Babyface and Tree (Jessica Rothe) in Happy Death Day 2U
Photo: Universal Pictures

Other recent reboot-sequels like Men in Black: International and Child’s Play have tried to coast on telling the same story, only changing facile details (a character’s gender, updated tech and pop-culture references), and that surface-level approach has always flopped. The concrete lesson to take from many rebooted IPs making little to no impact is that there has to be a reason for telling a story again, whether it’s by addressing the change in times since the original iteration (Nia DaCosta’s upcoming Candyman) or altering the story so it features something significantly new (Tim Burton’s Dumbo).
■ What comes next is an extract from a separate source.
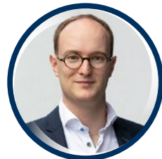
Paul Helm BWE

Hier erfahren sie alles zum Schutz von Fledermäusen in Deutschland und deren Gefährdung durch Windenergieanlagen. Fledermäuse sind besonders schützenswerte Arten, die durch Lebensraumverlust und Klimawandel bedroht sind. Windenergieanlagen stellen durch Kollisionen und Druckunterschiede eine zusätzliche Gefahr dar. Der BWE setzt sich für Maßnahmen wie Betriebsbeschränkungen und Monitoring ein, um Fledermäuse zu schützen und gleichzeitig den Ausbau der Windenergie voranzutreiben.

Time-loop stories have followed this rule through constant reinvention. Any comparisons between Groundhog Day and Palm Springs end at the fact that the characters are constantly repeating a day, and the phenomenon pushes them toward a little soul-searching. By introducing more people into being stuck in a cycle, Palm Springs interrogates how the equation would change if being trapped didn’t also mean being alone. It also actually uses Groundhog Day’s popularity as permission to start the movie in the middle of the story. When Palm Springs begins, Nyles (Andy Samberg) has already lived through countless time-loops, saving the audience the trouble of rehashing an old concept. His eventual explanation to Sarah (Cristin Milioti) about what’s going on is mercifully brief, too, since even as an audience stand-in, coming into the situation, she doesn’t need an extensive explanation to understand all the narrative possibilities of the loop.

Palm Springs is building off Groundhog Day rather than retelling it, and so are its peers in the time-loop genre. These new chapters don’t follow in a linear order; instead, they sprawl out, adding new, different aspects to a genre that could easily give into the premise it’s built on and repeat itself. It’s the Mad Max: Fury Road of genres — new installments can be based on known concepts and plot elements, but they reconfigure them to explore new ground. Where Fury Road updates the Mad Max series by going all-out on colors and action, movies like Palm Springs and shows like Russian Doll bring Groundhog Day into the 21st century by realizing that the central time-loop is a vehicle for the story, rather than the message itself.

Palm Springs premieres on Hulu July 10th.